As you can see azure pipeline provide a special kind of job with a few more options than you need for running a standard job. First and obvious the starting keyword is deployment instead of job. We also have to specify the environment we previously set up and a strategy. In the first step I download my artifact, in the second I determine where the PowerShell modules of BC are stored. Yes, this part is heavily inspired from Freddy’s code. Why reinvent the wheel. ;)


# File: Get-DockerAdminToolPath.yaml
steps:
  - powershell: |
      $serviceTierFolder = (Get-Item "C:\Program Files\Microsoft Dynamics NAV\*\Service").FullName
      $serviceTierFolder = (Get-Item "C:\Program Files\Microsoft Dynamics NAV\*\Service").FullName
      $NavManagementPSM = Join-Path -Path $serviceTierFolder -ChildPath "Microsoft.Dynamics.Nav.Management.psm1" 
      $NavManagementDLL = Join-Path -Path $serviceTierFolder -ChildPath "Microsoft.Dynamics.Nav.Management.dll"
      $AppsManagementPSD = Join-Path -Path $serviceTierFolder -ChildPath "Microsoft.Dynamics.Nav.Apps.Management.psd1"          

      if (Test-Path $NavManagementDLL) {
        Write-Host ("##vso[task.setvariable variable=NavManagement;isOutput=true]{0}" -f $NavManagementDLL)
      }
      if (Test-Path $NavManagementPSM) {
        Write-Host ("##vso[task.setvariable variable=NavManagement;isOutput=true]{0}" -f $NavManagementPSM)
      }

      if (Test-Path $AppsManagementPSD) {
        Write-Host ("##vso[task.setvariable variable=AppsManagement;isOutput=true]{0}" -f $AppsManagementPSD)
      }
    name: GetAdminToolPath
    displayName: "Get Admin Tool Path"

Well all we now got to do now is to import the module and call the standard triad of Publish-NAVApp, Sync-NAVApp and Install-NAVApp / Start-NAVAppDataUpgrade.

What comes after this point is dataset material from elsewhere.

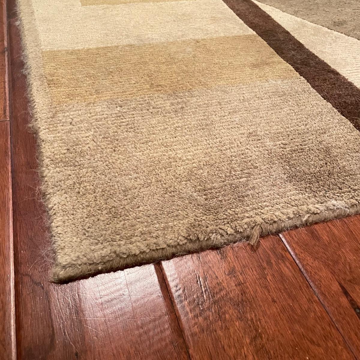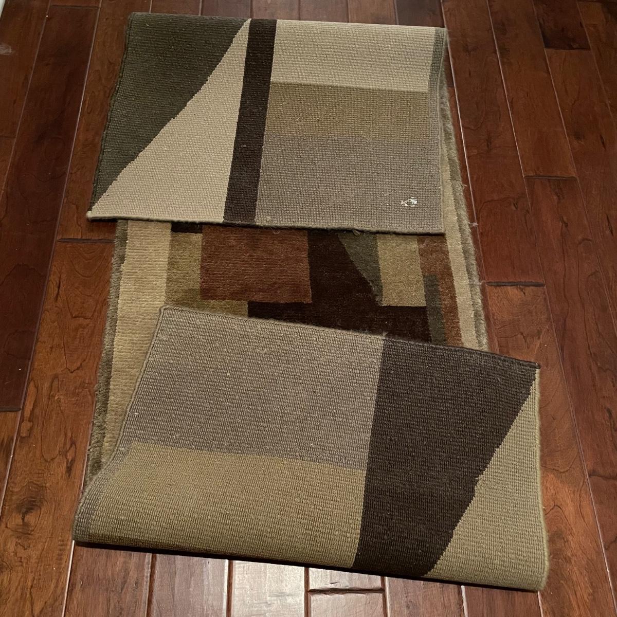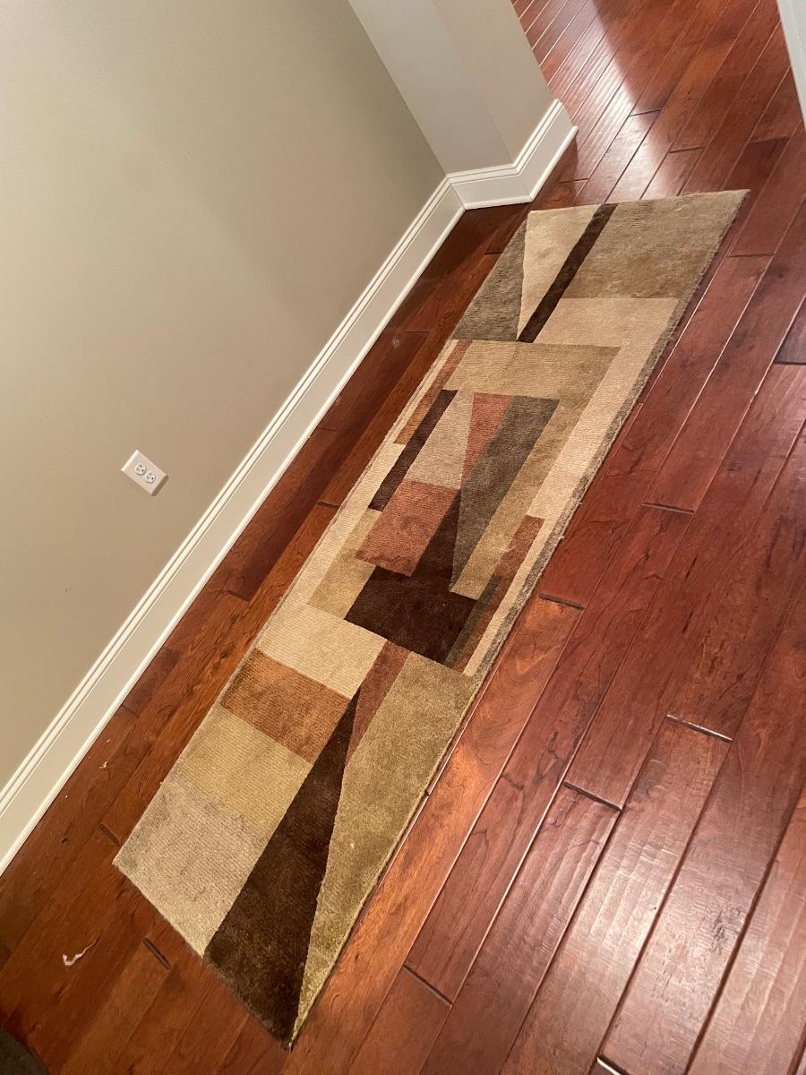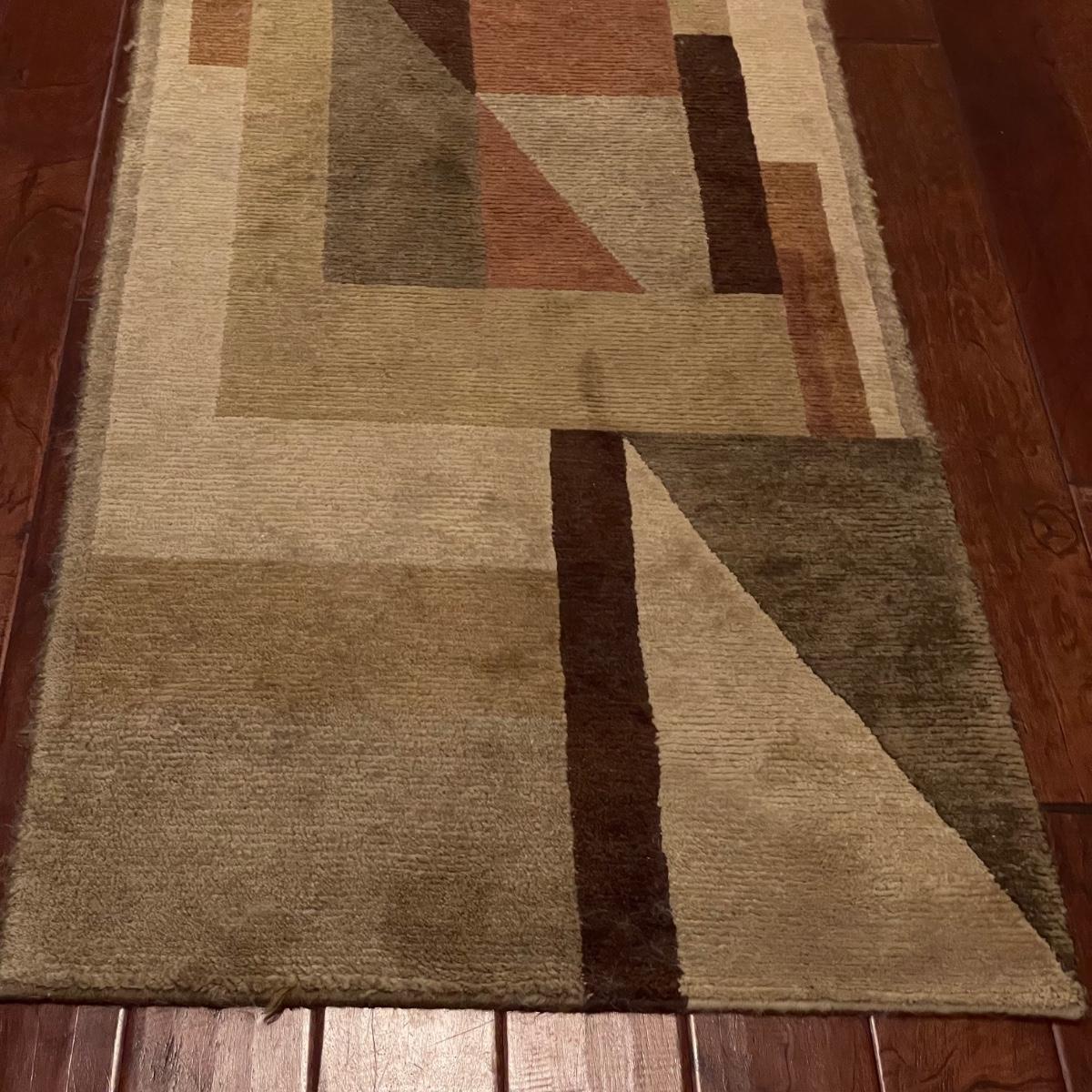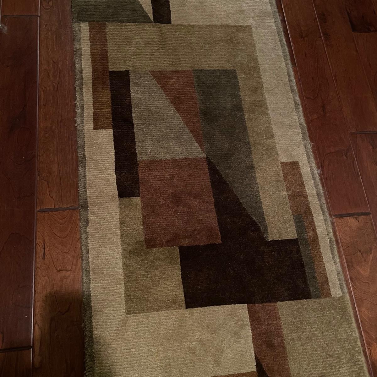 Stunning Earth-toned contemporary runner. Rug looks great with some wear shown throughout the edges and light grey pet hair throughout. Rug is woven, without any makers marking known. It measures 29.75” x 92.5” (approximately 2.5' x 7.75'). See images. Local pick up only.

# File: Publish-AppOnPrem.yaml
parameters:
  - name: SourceFolder
    type: string
    default: "$(Build.ArtifactStagingDirectory)"
  - name: ServerInstance
    type: string
    default: "BC"
steps:
  - powershell: |
      $NAVManagementPath = "$(GetAdminToolPath.AppsManagement)"
      Import-Module $NAVManagementPath 
      $SourceFolder = "${{ parameters.SourceFolder }}"
      $ServerInstance = "${{ parameters.ServerInstance }}"
      $AppFiles = Get-ChildItem -Path $SourceFolder -Filter "*.app" -Recurse
      foreach ($AppFile in $AppFiles) 
      {
        $AppInfo = Get-NAVAppInfo -Path $AppFile.Fullname
        $InstalledApp = Get-NAVAppInfo -ServerInstance $ServerInstance -Name $AppInfo.Name
        if ($InstalledApp) 
        {
          Write-Host ("Uninstalling & Unpublishing: {0} {1} " -f $InstalledApp.Name, $InstalledApp.Version)
          Uninstall-NAVApp -ServerInstance $ServerInstance -Name $InstalledApp.Name
          Unpublish-NAVApp -ServerInstance $ServerInstance -Name $InstalledApp.Name
        }
        Write-Host ("Installing & Publishing: {0} {1} " -f $AppInfo.Name, $AppInfo.Version)
        Publish-NAVApp -ServerInstance $ServerInstance -Path $AppFile.Fullname -SkipVerification
        Sync-NAVApp -ServerInstance $ServerInstance -Name $AppInfo.Name
        if ($InstalledApp) {
          Start-NAVAppDataUpgrade -ServerInstance $ServerInstance -Name $AppInfo.Name
        } else {
          Install-NAVApp -ServerInstance $ServerInstance -Name $AppInfo.Name
        }
      }

Conclusion

Environment are a pretty cool feature of Azure Pipelines, we can set them up quickly and just forget about the rest. Out pipeline will take care of the rest.

Notes:

In the environment section I told you the matrix strategy needs manual adjustment. After completing this blog entry I discovered that you can generate a matrix via code.